BASICS: This rubber wristband is, like its competitors, fueled by an accelerometer that tracks movements throughout the day and night. It syncs data to your phone using a headphone jack plug-in and companion app, which offers meal and mood tracking on top of the usual data rundown. There’s no display on the band itself save a small LED light that illuminates when the endcap button is pressed to indicate wake or sleep modes.
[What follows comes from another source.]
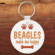 If you're a Beagle lover, you know they bring happiness to your life. Share your feelings with this fun design with paw prints, a bone, and the words Beagles make me happy.
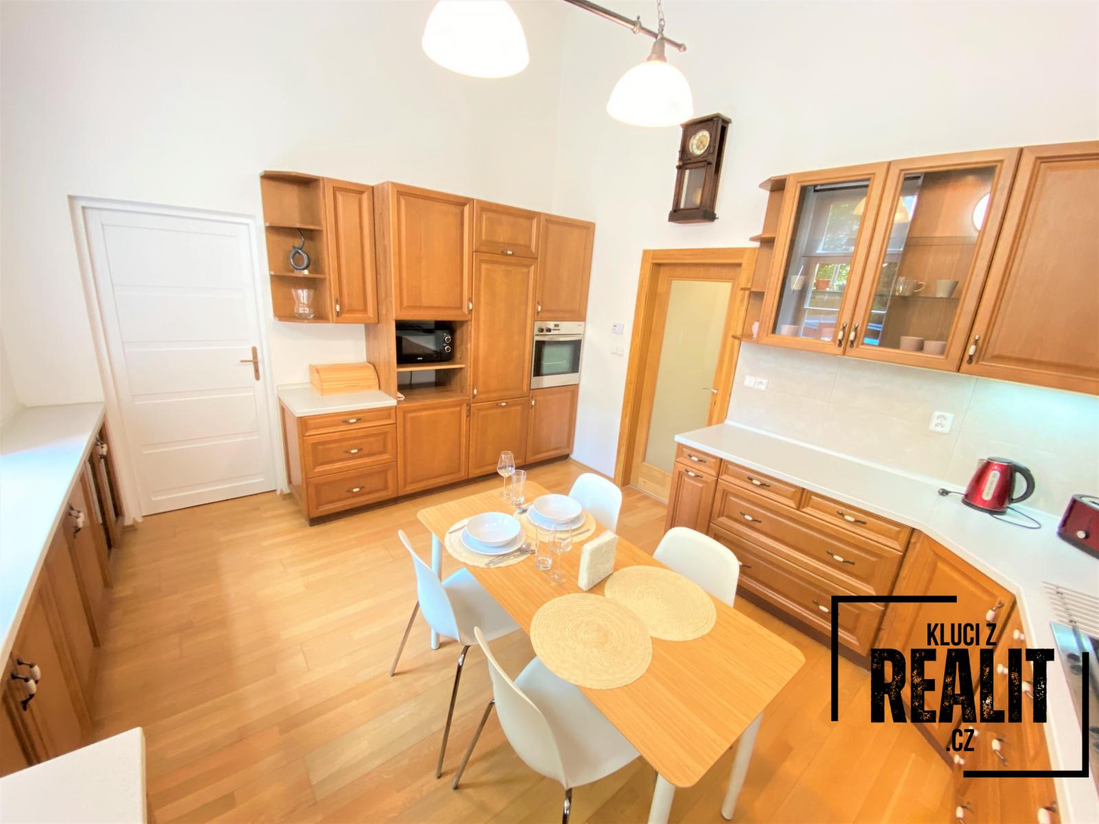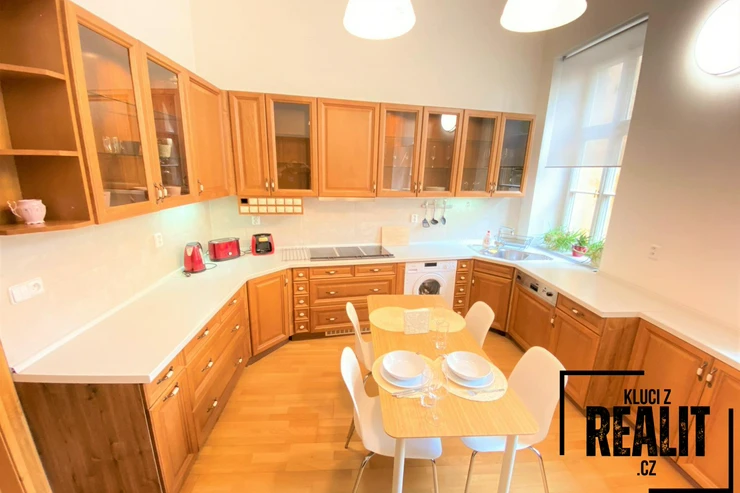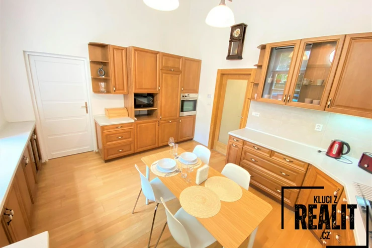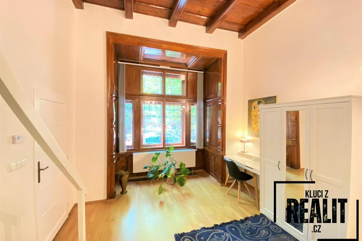 For long-term rent we offer a spacious, fully furnished apartment with original features, 1+1 layout and an area of 49 m2, located on the 2nd floor of a historic house with an elevator in the prestigious location of Malá Strana, on Újezd Street.

PROS: As a slim, display-less band, the Up is one of the less obtrusive devices. The one-touch sleep button is handy (as is the Power Nap mode) and circumvents the annoying wake-to-sleep band transition encountered by the Fitbit and Larklife. A smart alarm allows users to set a window in which to be woken up, and the UP chooses a time when sleep is lightest to gently vibrate and wake the user. The app is simple, intuitive, and visually appealing. A single charge takes just over an hour, and the battery lasts forever—about ten days—before a recharge is needed.

CONS: The design beats out Nike and Lark’s, but as a bracelet, it’s still fairly obvious. If you’re not keen on regular syncing, the lack of a wireless sync option could be frustrating. If you’re looking for food tracking, this isn’t the place to find it—the Up’s tracking model requires multiple clicks just to select items or search and is a general disappointment on the ease-of-use front.

BOTTOM LINE: If you don’t mind the bracelet form, it’s a solid option in a saturated field—but ultimately it’s a big price to pay for an app and a pedometer. This one excels in sleep-monitoring and the vibrating alarm.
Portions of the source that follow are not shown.